Department of Medical Microbiology and Infection Control, Amsterdam UMC, Vrije Universiteit Amsterdam, De Boelelaan 1118, PK1X124, Amsterdam, 1081, HZ, the Netherlands.
Laboratory of Medical Microbiology, Onze Lieve Vrouwe Gasthuis, Amsterdam, the Netherlands.
Eur J Clin Microbiol Infect Dis. 2022 Nov;41(11):1337-1345. doi: 10.1007/s10096-022-04483-8. Epub 2022 Oct 1.
Selective decontamination of the digestive tract (SDD) is aimed at elimination of potential pathogenic microorganisms. In this study, the effect of SDD on gut microbiota was evaluated in a large homogenous group of elective colorectal cancer surgery patients. Rectal swabs were taken from 118 patients undergoing colorectal surgery. These patients were randomly assigned to receive perioperative SDD or to the control group (no SDD). Rectal swabs were taken prior to surgery, 3 days after commencing administration of SDD. Gut microbial profiles were obtained with the IS-pro technique, a standardized microbiota profiling assay applicable in clinical routine. Differences in abundance for different taxonomical groups and diversity between the groups were assessed. Unsupervised and supervised classification techniques were used to assess microbial signatures, differentiating between the SDD group and the control group. Patients in the SDD group had different gut microbial signatures than in the control group, also in phyla that are not a target for SDD. Escherichia coli, Sutterella spp., Faecalibacterium prausnitzii, and Streptococcus spp. were the species that differed the most between the two groups. The SDD group showed clustering into two subgroups. In one subgroup, a decrease in Proteobacteria was observed, whereas the other subgroup showed a shift in Proteobacteria species. This study shows that SDD not only decreases colonization of the gastrointestinal tract with potential pathogenic Gram-negative microorganisms, but also reduces the abundance of normal colonizers of our gastrointestinal system and leads to a shift in total microbiota composition.

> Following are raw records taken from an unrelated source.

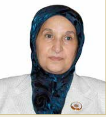
الشيخة مريم بنت حسن

♦ مريم بنت حسن: الشهادة الجامعية لا تكفي للنجاح الدبلوماسي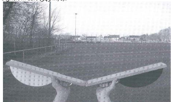
(Abbildung aus Möller et al., 2008, 16)

Schall breitet sich sehr schnell aus – aber viel langsamer als Licht. Die Schallgeschwindigkeit in festen Stoffen (z. B. Eisen 5170 m/s) ist größer als die in flüssigen Stoffen (z. B. Wasser 1480 m/s) und diese wiederum ist größer als die Schallgeschwindigkeit in Luft (343 m/s).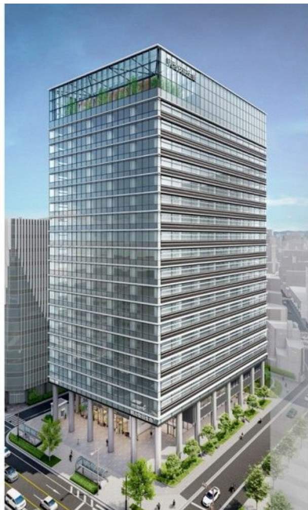
オフィスフロア (基準階: 3階~19階)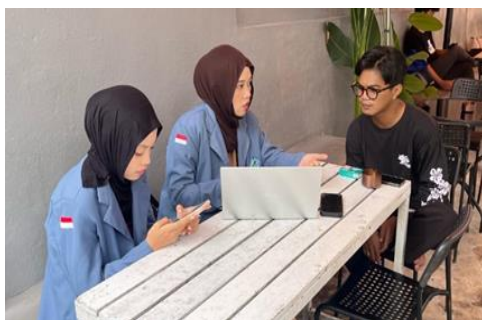
Gambar 11. Penilaian dan Evaluasi Kinerja UMKM Kopi 76

kesalahan klasifikasi dari transaksi harian pada 40% menjadi 15%. Meskipun pendampingan hanya dilakukan dalam satu hari, mitra sudah dapat melakukan pencatatan hingga menghasilkan laporan keuangan selama kurang lebih 2 jam. Hal ini merupakan pencapaian yang signifikan mengingat sebelumnya pemilik Kedai Kopi 76 belum pernah menyusun laporan keuangan sama sekali.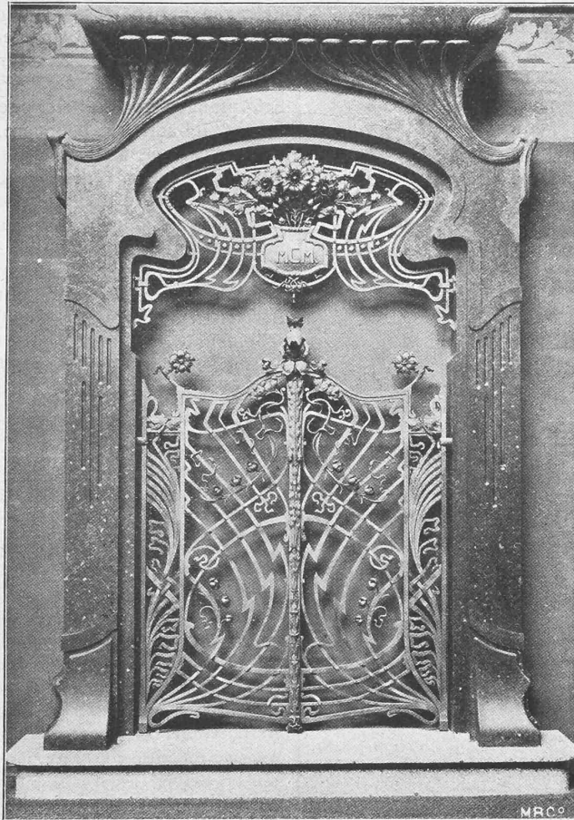
Fig. 1.- Schmiedeiserne Thüre von A. Kühnscherf & Söhne in Dresden. Entworfen von Prof. Weisse in Dresden.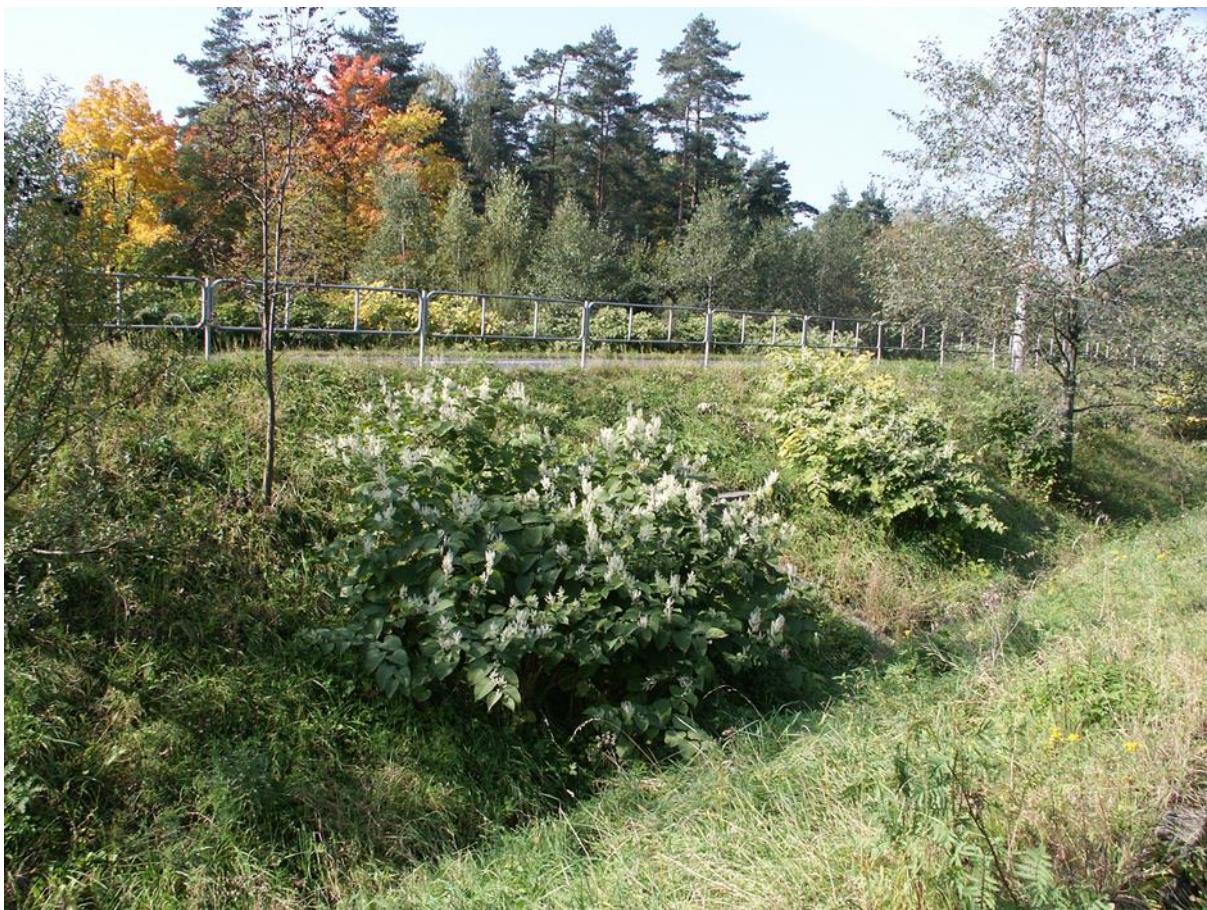
jednotlivé rostliny, příklad izolovaných a relativně malých polykormonů křídlatky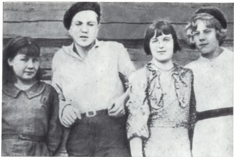
Детдом в Игарке. 1941 г.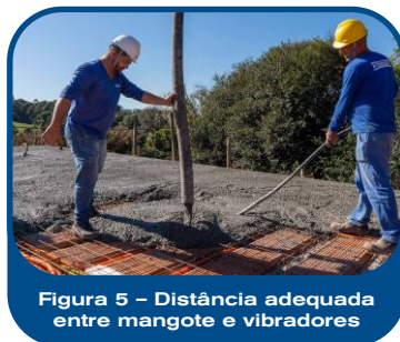
Figura 5 – Distância adequada entre mangote e vibradores

Durante a execução da concretagem, é essencial evitar qualquer interrupção no processo de bombeamento, assegurando a homogeneidade do concreto e a continuidade do lançamento, fatores indispensáveis para o bom desempenho da estrutura. Deve-se manter distância adequada entre o mangote do caminhão-bomba e os vibradores de imersão ( Figura 5 ), a fim de evitar interferências mecânicas no adensamento e garantir a eficiência do processo, conforme as práticas recomendadas de execução. Adicionalmente, é terminantemente proibido lançar concreto diretamente sobre armaduras que contenham cabos energizados, por se tratar de uma situação de risco crítico à segurança dos trabalhadores e à integridade da estrutura, devendo esse cuidado ser rigorosamente observado pela equipe de obra.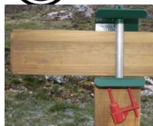
Tige traversante et cadenas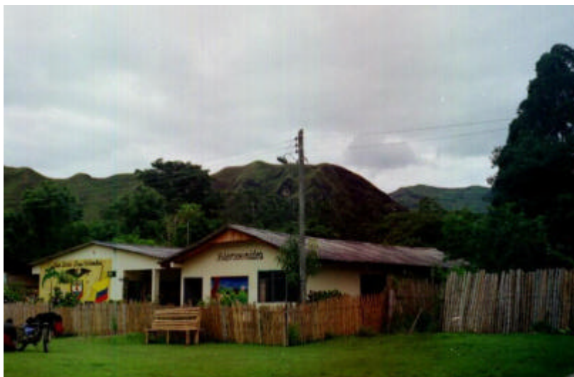
Escuela Rural Mixta Segovia

Segovia tiene como particularidad una vía de acceso vagamente definida desde la vía intermunicipal Inzá- Belalcázar, que pasa desapercibido al tránsito vehicular.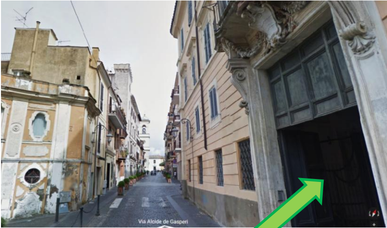
Palazzo Lercari - Ingresso Museo Diocesano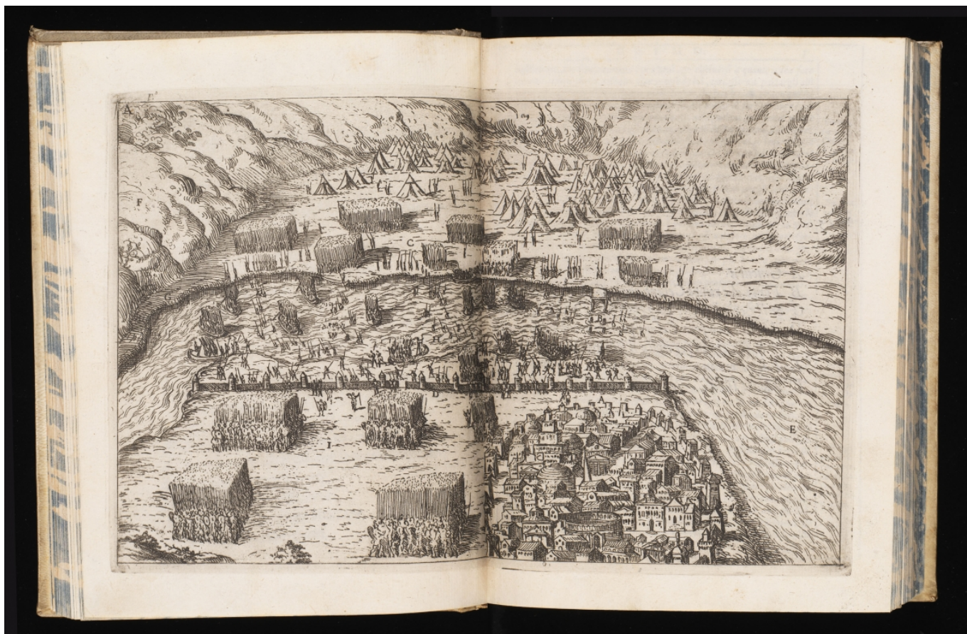
Гай Юлий Цезарь (100-44 av. J.-C.) "Записки", Венеция, издание Пьетро де Франкеши, 1575, иллюстрации Андреа Палладио

В гораздо более отдаленную от нас во времени, но не менее кровавую эпоху переносят «Записки о Галльской войне» Гая Юлия Цезаря, в восьми книгах которых великий полководец древности в точной, сжатой и энергичной манере, вызывавшей восхищение всех, от Цицерона до Руссо, описал своё завоевание Галлии в 58-50 гг. до н. э.. Устроители выставки обращают внимание на то, что, как описано в Книге первой, легионы Цезаря тогда защищали Женеву от гельветов – до того, как стать оазисом мира, наш город побывал и в роли зоны конфликта.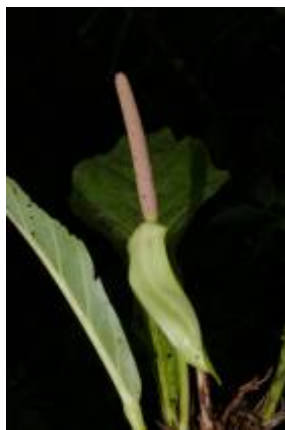
ARACEAE - Anthurium sp. 4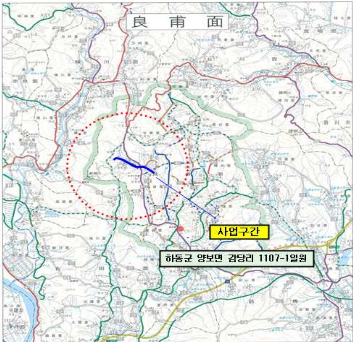
道 路 現 況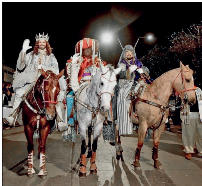
▲ Durante la festividad se podrán admirar 19 carros alegóricos alusivos a series, películas y caricaturas familiares.

Se llevarán a cabo en los municipios de Ixmiquilpan, Tulancingo, Pachuca y Huejutla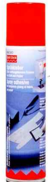
C - Hauteur totale 0 53 x 200 mm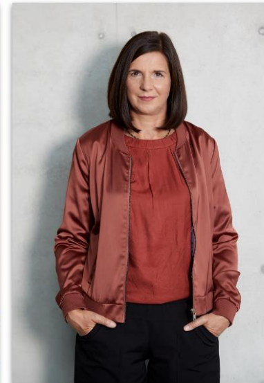
Katrin Göring-Eckardt Vizepräsidentin des Bundestages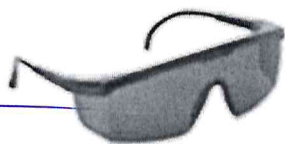
LENTES DE SEGURIDAD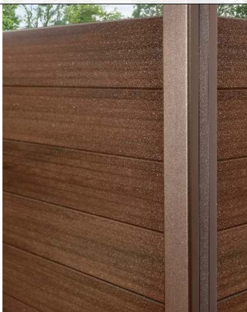
Detail: Grundstütze DB, verstärkter Schallschutz für Sicht- und Schallschutzwand LYNWOOD in RAL 8011 nussbraun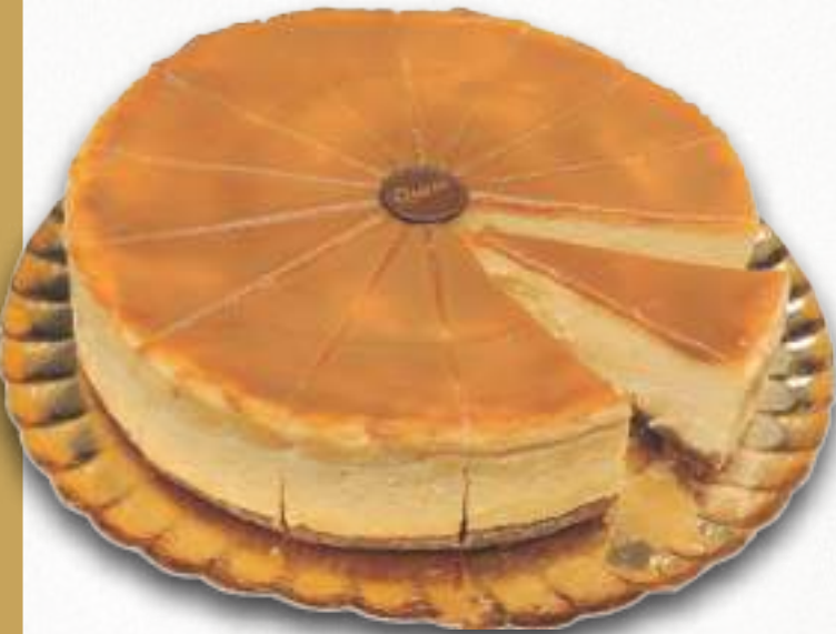
9059 TARTA QUESO CON DULCE DE LECHE PORCIONADA Exquisita masa de queso extracremoso con pasta brisa y dulce de leche. 14 porciones 2500 g. Ø26 cm. 8 cajas por base 120 cajas por palé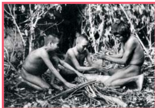
Figura 08: Índios botocudos, 1909.

O estudo de campo tem a vantagem de contribuir para os estudos históricos em profundidade. O termo “campo” é utilizado no sentido de que é o escopo da pesquisa e não apenas um lugar geográfico. Tais estudos são marcados pela flexibilidade, exigindo reformulação, sempre que necessária, dos pressupostos da pesquisa, dos objetivos e de suas hipóteses ao longo da mesma. Ao utilizar essa técnica, você terá que realizar a observação direta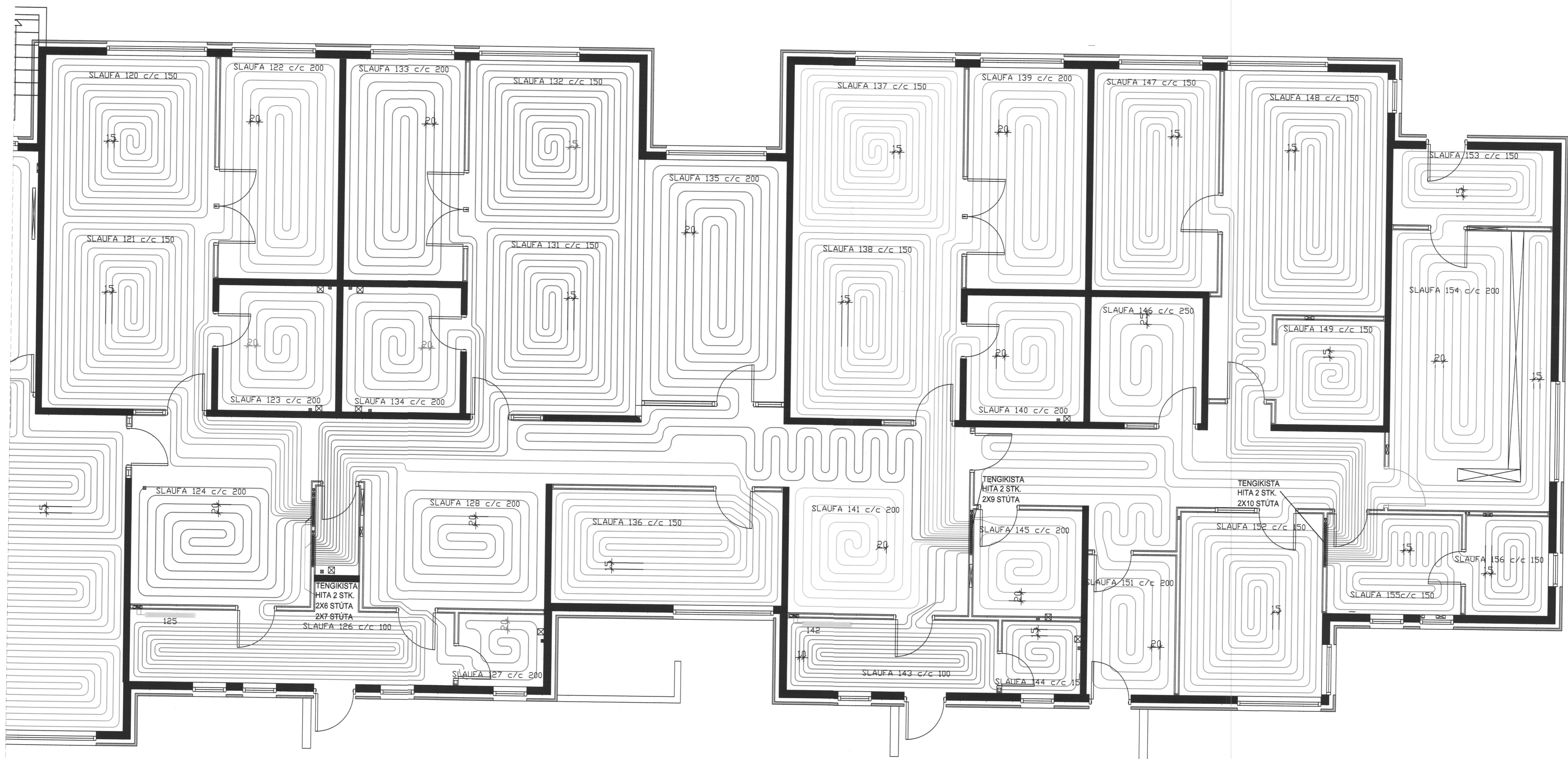
GRUNNMYND 1. HÆÐ HITALAGNA Í PLÖTU M=1:50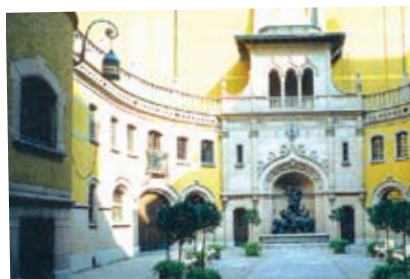
Hallwylska Museet med guidad visning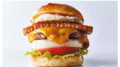
ベーコンチーズエッグオニオンバーガー ¥1300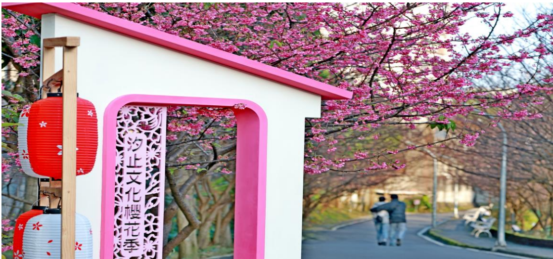
圖十五、汐止區櫻花季「櫻」雨綿綿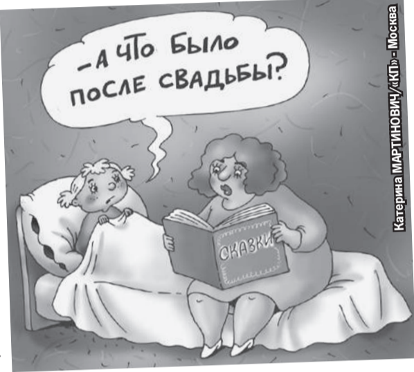
Катерина МАРТИНОВИЧУ/«КП» - Москва

Павел : «Мало кто, вступая в брак, даже теоретически допускает, что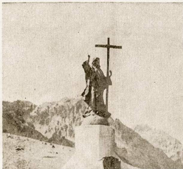
Andų kalnų viršūnėje Kristus Karalius — taikos ir ramybės nešėjas P. Amerikos kontinentui. (Statula išlieta iš patrankų švino).

Meksikos krikščionių persekiojimo laikais, kai buvo uždrausta skelbti Kristaus mokslą, visdėlto krikščionys ir kunigai nežiūrind draudimo susirinkdavo slapta į pamaldas ir meldavosi,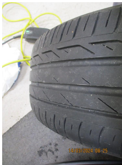
2.1 Dekk noe innsideslitt.4-Hjuls kontroll med justering utføres.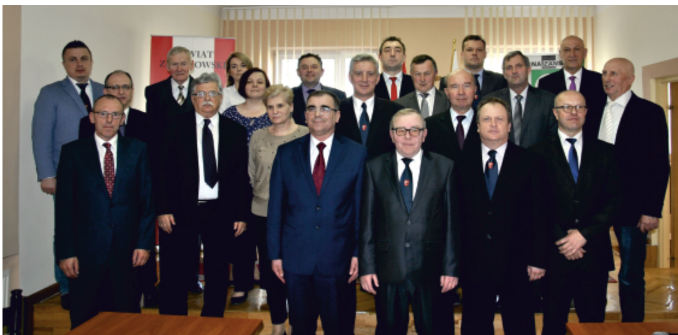
Rada Powiatu Zambrowskiego 2014-2018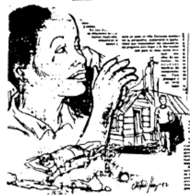
ATRAPADOS POR LOS VICIOS drogas + alcohol + juego + haraganería...

选择性消化道去污染(SDD)旨在消除潜在的病原微生物。在这项研究中,我们评估了 SDD 对择期结直肠手术患者肠道微生物群的影响。我们从 118 例接受结直肠手术的患者中采集直肠拭子。这些患者被随机分配接受围手术期 SDD 或对照组(不进行 SDD)。在手术前、开始 SDD 治疗 3 天后采集直肠拭子。使用 IS-pro 技术获得肠道微生物谱,这是一种适用于临床常规的标准化微生物组分析检测方法。评估了不同分类群的丰度差异和组间多样性。使用无监督和有监督的分类技术评估微生物特征,以区分 SDD 组和对照组。SDD 组患者的肠道微生物特征与对照组不同,在不是 SDD 目标的菌门中也是如此。大肠杆菌、萨特氏菌属、普拉梭菌和链球菌属是两组之间差异最大的物种。SDD 组显示出聚类成两个亚组。在一个亚组中,观察到变形菌门的减少,而另一个亚组显示出变形菌门物种的转移。本研究表明,SDD 不仅降低了胃肠道潜在病原革兰氏阴性微生物的定植,还减少了我们胃肠道系统正常定植者的丰度,并导致总微生物群落组成的变化。